ВОЗМОЖНЫЕ ДЕФЕКТЫ ПОСТАНОВКИ МЕТОДА РОЗЕТКООБРАЗОВАНИЯ С ИСПОЛЬЗОВАНИЕМ ЭРИТРОЦИТАРНЫХ ДИАГНОСТИКУМОВ И ПУТИ ИХ УСТРАНЕНИЯ

 

        Поскольку иммунологические методы фенотипирования клеток основаны на взаимодействии живых клеток с разнообразными индикаторными частицами, они крайне чувствительны к изменению условий проведения реакции и малозаметные, на первый взгляд, ошибки постановки могут существенно сказаться на конечном результате. Поэтому, ниже приводятся некоторые «нюансы» методики, с которыми мы столкнулись при внедрении данного метода в нашей лаборатории. Безусловно, кроме приведенных, возможны и другие дефекты, требующие консультации специалиста. Сотрудники НПЛ «Гранум» всегда готовы оказать вам помощь при возникновении подобных ситуаций.

 

1. Клетки располагаются в препарате неравномерно, имеются когломераты.

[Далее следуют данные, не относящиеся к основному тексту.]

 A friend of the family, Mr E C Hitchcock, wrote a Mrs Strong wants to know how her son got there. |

Причина. Плохо ресуспендирован осадок. Ресуспендирование резко затрудняется, если среди выделенных лейкоцитов (лимфоцитов) будет часть разрушенных и погибших клеток, из которых выбрасываются РНК и ДНК, способствующие склеиванию живых клеток в конгломераты. Кроме того, при использовании цельной крови в результате плохого гемолиза возможно наличие большого количества человеческих эритроцитов.

Устранение. Повысить интенсивность ресуспендирования осадка. Проконтролировать точность соблюдения всех режимов постановки реакции (возможно превышение времени хранения лейкоцитарной взвеси после ее получения, качества гемолиза человеческих эритроцитов, скорости и времени ценрифугирования в процессе постановки реакции, рН используемого раствора для отмывания клеток, времени фиксации)

 

2. В препаратах достаточное количество лейкоцитов, но почти нет эритроцитов, малое содержание розеток.

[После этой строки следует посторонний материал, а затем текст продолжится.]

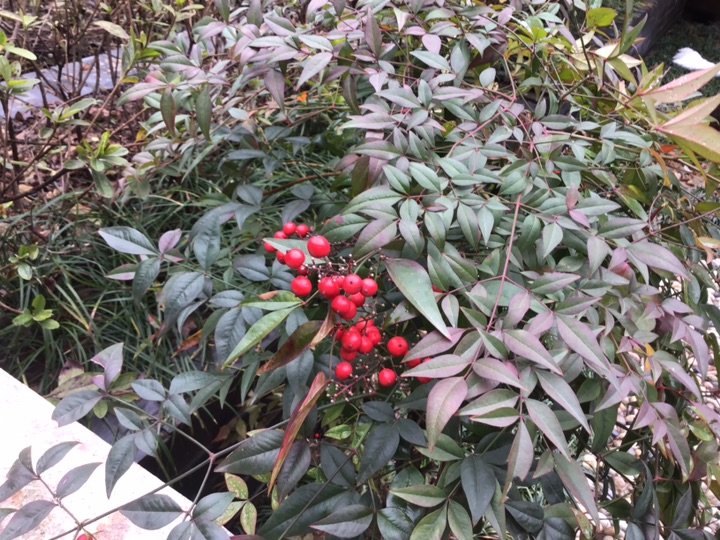最近去同学家,在他们家的后院里发现了一株南天竹

Причина. Во-первых, недостаточное перемешивание ЭД перед отбором или раскапыванием в пробирки. Во-вторых, несоблюдение времени инкубации и/или температурного режима. В-третьих, окрашивание недофиксированных клеток, приводящее к лизису эритроцитов.

Устранение. Тщательное ресуспендирование ЭД перед отбором для постановки реакции и внесением в пробирки. Точное соблюдение времени инкубации и температурного режима. При наличии в препарате мембран эритроцитов вокруг лейкоцитов, отсутствии целых эритроцитов следует обратить внимание на качество фиксатора и время фиксации. Следует помнить, что глутаровый альдегид, составляющий основу фиксатора, - крайне неустойчивое вещество, быстро разрушающееся на свету. По этой причине срок хранения фиксатора ограничен (1 месяц). Кроме того, хранить фиксатор необходимо в темной посуде, а для его приготовления не использовать старый глутаровый альдегид.

 

3. В препарате мало лейкоцитов, в то время как количество эритроцитов нормальное.

Причина. Потери клеток в процессе гемолиза или хранения лизированной крови (выделенной суспензии клеток) в физиологическом растворе.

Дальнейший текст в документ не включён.